When you copy the material below, keep every line exact and leave each picture out.

** Opening RECORDS SUPPLIED block **

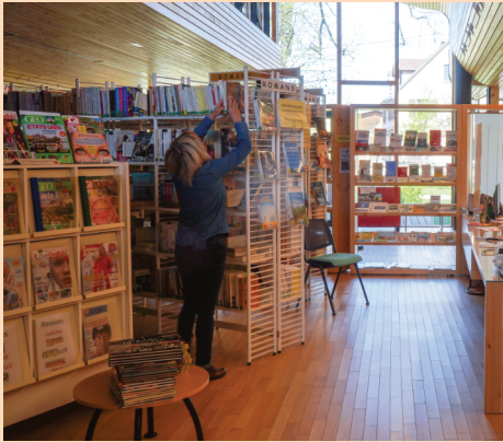
Malgré une légère baisse de lecteurs durant le Covid, le nombre de prêt est en constante augmentation.
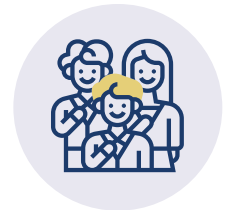
GRUPPEN- UND EINZELAKTIVITÄTEN
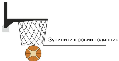
Рисунок 1 М'яч закинуто
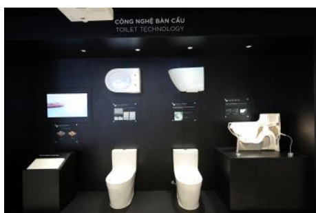
大便器の節水・洗浄機能展示

大便器の節水・洗浄機能、ウォシュレットの吐水方法、非接触商品(自動水栓など)の特長やTOTOの独自技術について、通水・通電による体感型の展示で紹介しています
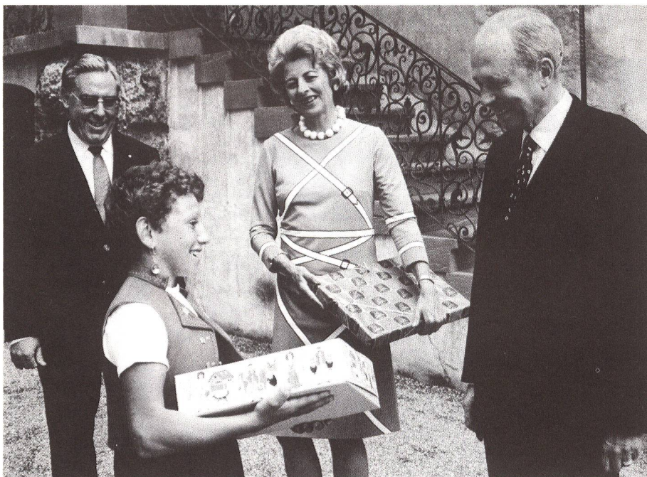
Empfang im Schloss Vaduz anlässlich der 1. August-Feier im Jahr 1974

Zusammen mit Ihrer Familie und dem Liechtensteiner Volk trauern wir um einen wahren Fürsten und einen grossen Menschen.

** Closing RECORDS SUPPLIED block **

◆ **EXERCISE ANSWER**:
Malgré une légère baisse de lecteurs durant le Covid, le nombre de prêt est en constante augmentation.
GRUPPEN- UND EINZELAKTIVITÄTEN
Рисунок 1 М'яч закинуто
大便器の節水・洗浄機能展示

大便器の節水・洗浄機能、ウォシュレットの吐水方法、非接触商品(自動水栓など)の特長やTOTOの独自技術について、通水・通電による体感型の展示で紹介しています
Empfang im Schloss Vaduz anlässlich der 1. August-Feier im Jahr 1974

Zusammen mit Ihrer Familie und dem Liechtensteiner Volk trauern wir um einen wahren Fürsten und einen grossen Menschen.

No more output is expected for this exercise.